Mar 8, 2012

Fougères et Jardins Verticaux (Ferns + Vertical Gardens)

Last Saturday I headed to the New York Botanical Garden for the monthly Fern Society meeting. It had been a while since I last met with the group and as always, it was fun to sit among very knowledgeable and passionate fern enthusiasts and learn about these prehistoric treasures while snickering at the little plant jokes that an outsider would rarely get. We are a bunch of fern geeks and I sometimes forget that I am one of them, although I am far less knowledgeable.

Oliver Sacks' Oaxaca Journal was recently republished and was presented to the group with its new cover. It is also now published in Spanish, Portuguese and in at least one other language. Robbin Moran, botanist, author of many fern publications and one of two main leaders of the group, (John Mickel is the other fern expert) showed slides of sporangium in the process of violently hurling spores and gave a little lesson on fern reproduction from spores to young plants. At the end of the class we observed green gobs of mosses and gametophytes under microscopes and tired our hands at sowing spores of two fern species on moistened peat moss, which we took home. With some patience, suitable light, humidity and luck gametophytes will appear in three or four months and hopefully new sporophytes will survive to repopulate my now empty terrarium.

After the meeting I stumbled upon a lecture presented by the French botanist who designed the plantings for this year's annual Orchid Show which opened the day before at the conservatory. His name is Patrick Blanc. Immediately upon speaking he began pacing the stage and frequently ran his hand through his green hair. Yes, his hair was green as were his shirt and shoes, (although you had to look closely to discern the color of his shoes). Blanc described his childhood experiences of keeping fish in a small aquarium and creating a filtration system with plants to control nitrogen, absorb gasses and provide an ecosystem that his fish found suitable enough to procreate in. His experiments with creating a sustainable environment lead to a desire for greater knowledge of plants, bio-diversity and larger ecosystems, all resulting in the study of botany and his career as the staggeringly successful figure he is today as a plant genius and innovator.
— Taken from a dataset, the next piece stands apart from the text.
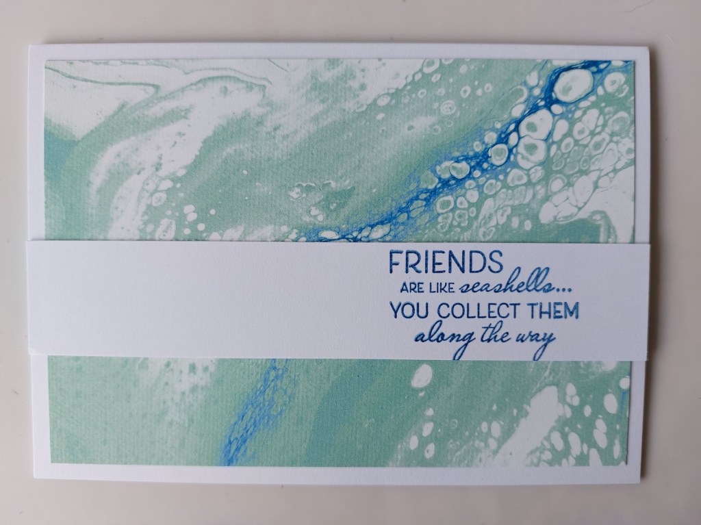 I started by attaching a piece of the SU ‘waves of the ocean’ to an A6 card blank. I stamped the sentiment onto a strip of white card using ‘cobalt’ Archival ink and added that to the card front.

Throughout the lecture the audience was presented with multiple slides of incredibly well photographed plants growing in their natural habitats in rock crevices and rainforest all around the world. The images produced many oohs and aahs. We were mesmerized by installations of his work on the interiors and exteriors of prominent buildings around the world making them a natural part of the cityscape. He talked about geohydrology, substrate, magma, rock porosity and permeability.  Listening to his talk about bio-luminescence, plant adaptability to various tropical rainforest terrains with multiple layers of micro climates and evolutionary diversity, I could not help but feel like a cretin. There was this green man speaking with a heavy French accent and comfortably and constantly gushing about plant structure, habitats and technology with an enormous scientific vocabulary, making his passion nothing but very obvious and all in a language foreign to his own. He spoke better English and more clearly than most of us. I was thoroughly inspired and impressed. Blanc is the right combination of scientist, artist and a bit of madman. Brilliant and very, very cool!
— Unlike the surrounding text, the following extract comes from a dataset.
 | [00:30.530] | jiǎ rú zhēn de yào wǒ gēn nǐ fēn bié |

As an abstract painter, designer and plant lover, I found it fascinating how Blanc's designs are made to resemble natural plant-covered rock formations with their many groves and ridges. He does this by juxtaposing plants with contrasting foliage textures and lighter or darker leaf colouring in a diagonal flow, thus creating what appears to be peaks and gulleys, emulating the three-dimensional quality of natural topography. The results are rich tapestries of texture and shades of green, often with only limited color from flowers. I get how he sees in scales and how one small part of his design can house myriad micro climates that repeat themselves in different dimensions. His designs are partly controlled chaos, if there is even such a thing, and it works.
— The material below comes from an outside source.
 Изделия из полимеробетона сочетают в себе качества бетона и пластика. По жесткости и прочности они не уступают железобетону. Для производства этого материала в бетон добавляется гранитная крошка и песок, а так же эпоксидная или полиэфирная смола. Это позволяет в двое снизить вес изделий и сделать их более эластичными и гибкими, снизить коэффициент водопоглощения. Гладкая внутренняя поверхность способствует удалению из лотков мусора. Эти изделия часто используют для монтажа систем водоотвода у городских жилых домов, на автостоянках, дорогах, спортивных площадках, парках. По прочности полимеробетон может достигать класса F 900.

I was honored to meet with Blanc after the lecture before heading over to the Orcihid Show at the conservatory. There have been many such exhibits over the years and after a while they all tend to look similar. Not so with this show. The conservatory offers limited vertical space but walls were erected to showcase Blanc's intricate plant combinations and although the medium of orchids is fairly new in his designs, his genius is present. His plant combinations, highlighting iridescent blue foliage are truly beautiful. You don't want to miss this exhibit.




I got back to the lobby of the lecture hall just in time to meet with Blanc again as he was completing his last autograph in his book titled The Vertical Garden. He signed my copy of a book titled Gardening Vertically by Noemie Villard which had a photo of Blanc's home in Paris on the cover. Since he was scheduled to head to Miami the following day I do not know if he had had time to roam our beautiful city with his sights on making it even more beautiful by adding one of his lovely vertical creations. I wondered if he knew of the Flowerbox Building on East 7th Street. With the help of the New York Fern Society I think Time Square can be turned into a hardy fern gully, or the Meat Packing District, with its cobbled streets and uneven open spaces, nicely transformed with Blanc's towering walls of cascading greenery........ We'll see.